━━━━━ INPUT DATA
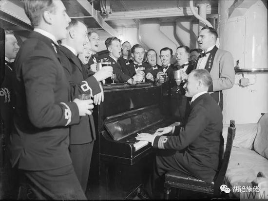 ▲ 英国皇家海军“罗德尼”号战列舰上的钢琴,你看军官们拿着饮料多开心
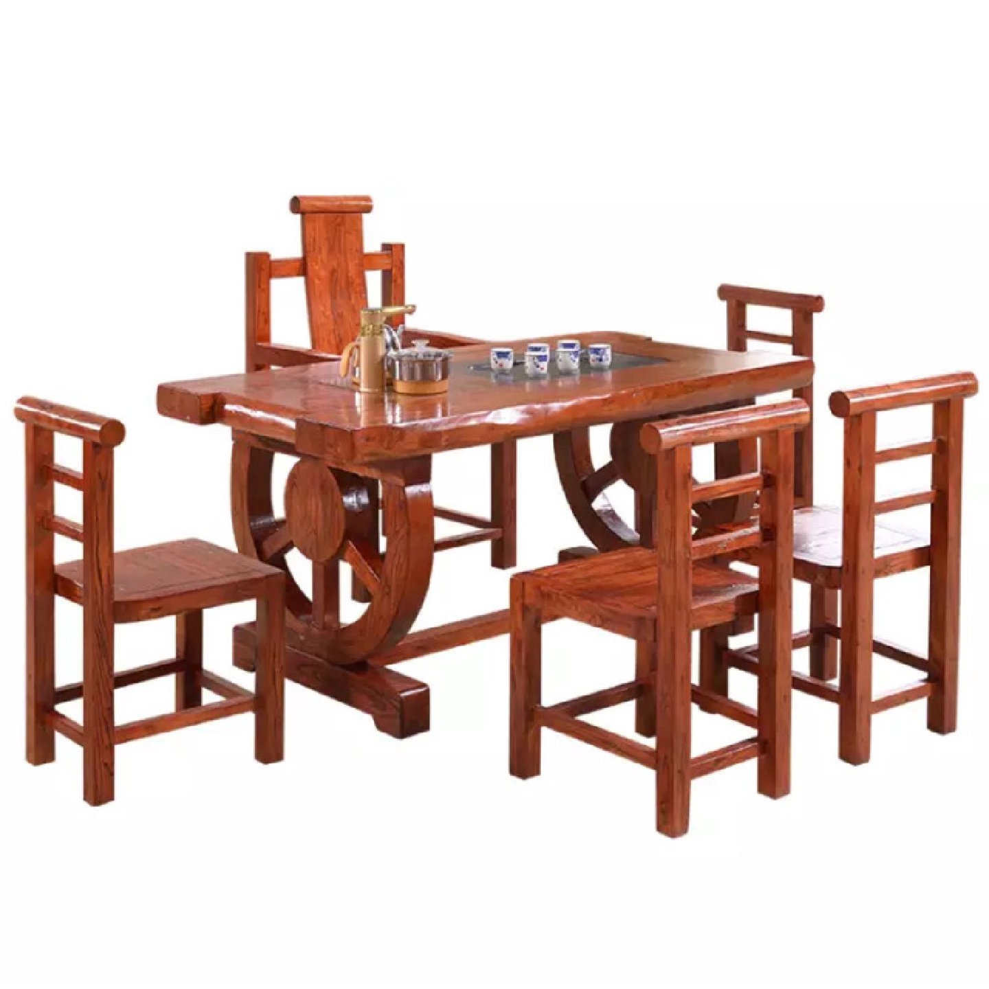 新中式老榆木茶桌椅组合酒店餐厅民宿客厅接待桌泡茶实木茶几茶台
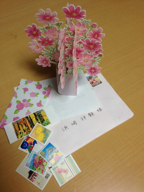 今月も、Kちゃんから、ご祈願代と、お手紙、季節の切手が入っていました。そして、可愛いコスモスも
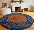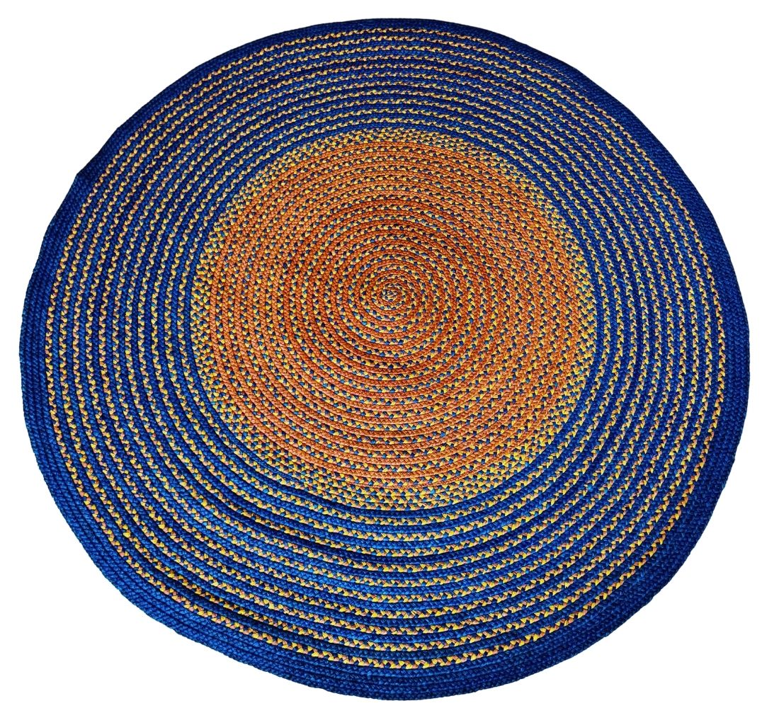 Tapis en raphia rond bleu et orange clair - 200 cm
━━━━━━━━━━
__ABOUT THIS EXERCISE__: Line by line, return the listing above exactly, leaving out its pictures.

__WRITTEN SOLUTION__:
 ▲ 英国皇家海军“罗德尼”号战列舰上的钢琴,你看军官们拿着饮料多开心
 新中式老榆木茶桌椅组合酒店餐厅民宿客厅接待桌泡茶实木茶几茶台
 今月も、Kちゃんから、ご祈願代と、お手紙、季節の切手が入っていました。そして、可愛いコスモスも
 Tapis en raphia rond bleu et orange clair - 200 cm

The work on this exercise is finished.